** Opening Data under study block **

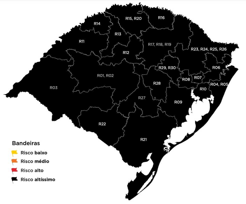 A divulgação das bandeiras definitivas, que ficam vigentes da 0h desta terça (1°/9) até as 23h59 da próxima segunda-feira (7/9), foi feita nesta segunda (31/8) por meio de material publicado no portal de notícias governo do Estado.
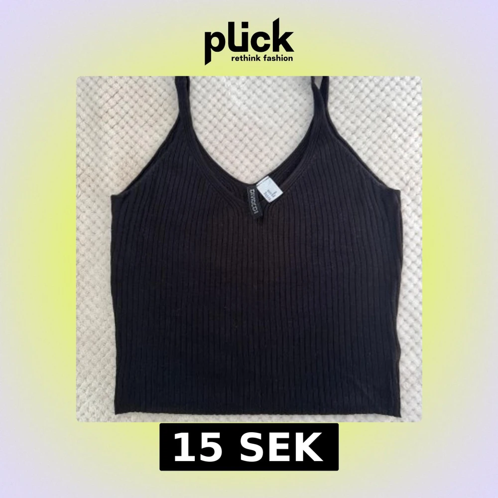 Svart ribbad linnetopp med smala axelband och v-ringning. Perfekt att styla till olika outfits och enkel att matcha med både jeans och kjol.
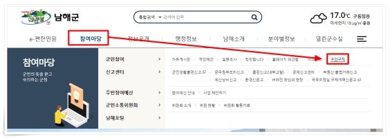 ▼ 남해군 홈페이지 메뉴 "참여마당" > "구인구직"을 클릭해 주세요. (바로가기)
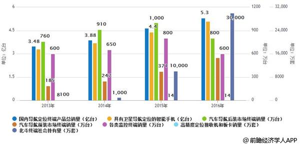 据前瞻产业研究院统计,2016年国内导航定位终端产品总销量突破5.3亿台,其中具有卫星导航定位功能的智能手机销售量达到5.1亿台,其中带北斗功能的数量超过30%。汽车导航后装市场终端销量达到800万台,汽车导航前装市场终端销量突破550万台,各类监控终端销量在600万台左右,高精度定位接收机14万台/套。
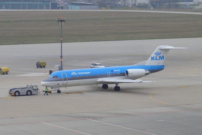 KLM-cityhopper-Fokker 70 beim Push-back auf dem Flughafen Stuttgart
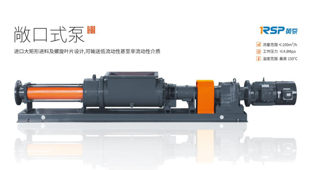 第二款黃泵敞口式單螺桿泵進(jìn)口腔體為矩形進(jìn)料斗設(shè)計(jì),內(nèi)裝有進(jìn)料螺旋葉片,可輸送高粘度、流動(dòng)性差或非流動(dòng)性介質(zhì),如脫水污泥等,工作壓力2.4Mpa,流量50m³/h。產(chǎn)品特點(diǎn)為以下幾點(diǎn)。
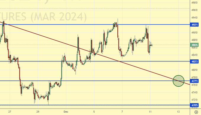 Отчет USDA показал, что с кукурузой в мире все просто отлично: валовый сбор подняли еще на 0.1%. Если будет откат к 475.0, то можно будет рассмотреть возможности о покупке на хороший объем.
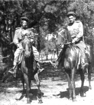 Два всадника – два друга Портнова Э. Л. На обороте надпись: Польша, Радосць. Август 1944, капитан ТАЛПА ПАВЕЛ (он справа, без автомата – прим. моё), сержант СИДОРЕНКО ТИМОФЕЙ.
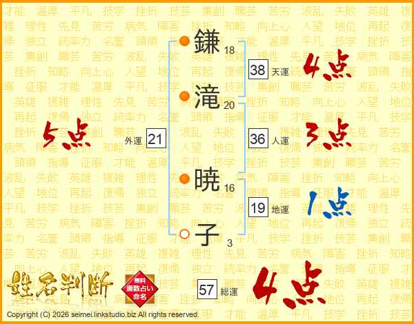 鎌(18画)滝(20画) 暁(16画)子(3画)
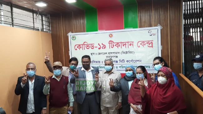 সারা দেশের মত নারায়ণগঞ্জে একযোগে দুটি সরকারী হাসপাতাল সহ চারটি উপজেলা স্বাস্থ্য কমপ্লেক্সে করোনা ভ্যাকসিন টিকা প্রদান শুরু হয়েছে। আজ সকাল সাড়ে দশটায় শহরে নারায়ণগঞ্জ জেনারেল ( ভিক্টোরিয়া) হাসপাতালে জেলা সিভিল সার্জন ইমতিয়াজ আহমেদ প্রথম করোনা ভ্যাকসিন টিকা গ্রহন করে এ কার্যক্রম শুরু করেন। এর পর থেকেই জেলার ৬টি কেন্দ্রে ২৪টি বুথে টিকাদন কার্যক্রম শুরু হয়। করোনা ভ্যাকসিন টিকা প্রদান কার্যক্রম উদ্বোধনের সময় উপস্থিথ ছিলেন, নারায়ণগঞ্জ জেলা সিভিল সার্জন ইমতিয়াজ আহমেদ, নারায়ণগঞ্জ সিটি কর্পোরেশনের প্রধান নির্বাহী আবুল আমিন, নারায়ণগঞ্জ জেনারেল ভিক্টোরিয়া হাসপালের আবাসিক মেডিকেল অফিসার আসাদুজ্জামান সহ

** Closing Data under study block **

• [What this task involves]: Exactly as they appear, transcribe the lines from the top of the material above through the line with "据前瞻产业研究院统计,201". Omit any picture.

• [Result of the exercise]:
 A divulgação das bandeiras definitivas, que ficam vigentes da 0h desta terça (1°/9) até as 23h59 da próxima segunda-feira (7/9), foi feita nesta segunda (31/8) por meio de material publicado no portal de notícias governo do Estado.
 Svart ribbad linnetopp med smala axelband och v-ringning. Perfekt att styla till olika outfits och enkel att matcha med både jeans och kjol.
 ▼ 남해군 홈페이지 메뉴 "참여마당" > "구인구직"을 클릭해 주세요. (바로가기)
 据前瞻产业研究院统计,2016年国内导航定位终端产品总销量突破5.3亿台,其中具有卫星导航定位功能的智能手机销售量达到5.1亿台,其中带北斗功能的数量超过30%。汽车导航后装市场终端销量达到800万台,汽车导航前装市场终端销量突破550万台,各类监控终端销量在600万台左右,高精度定位接收机14万台/套。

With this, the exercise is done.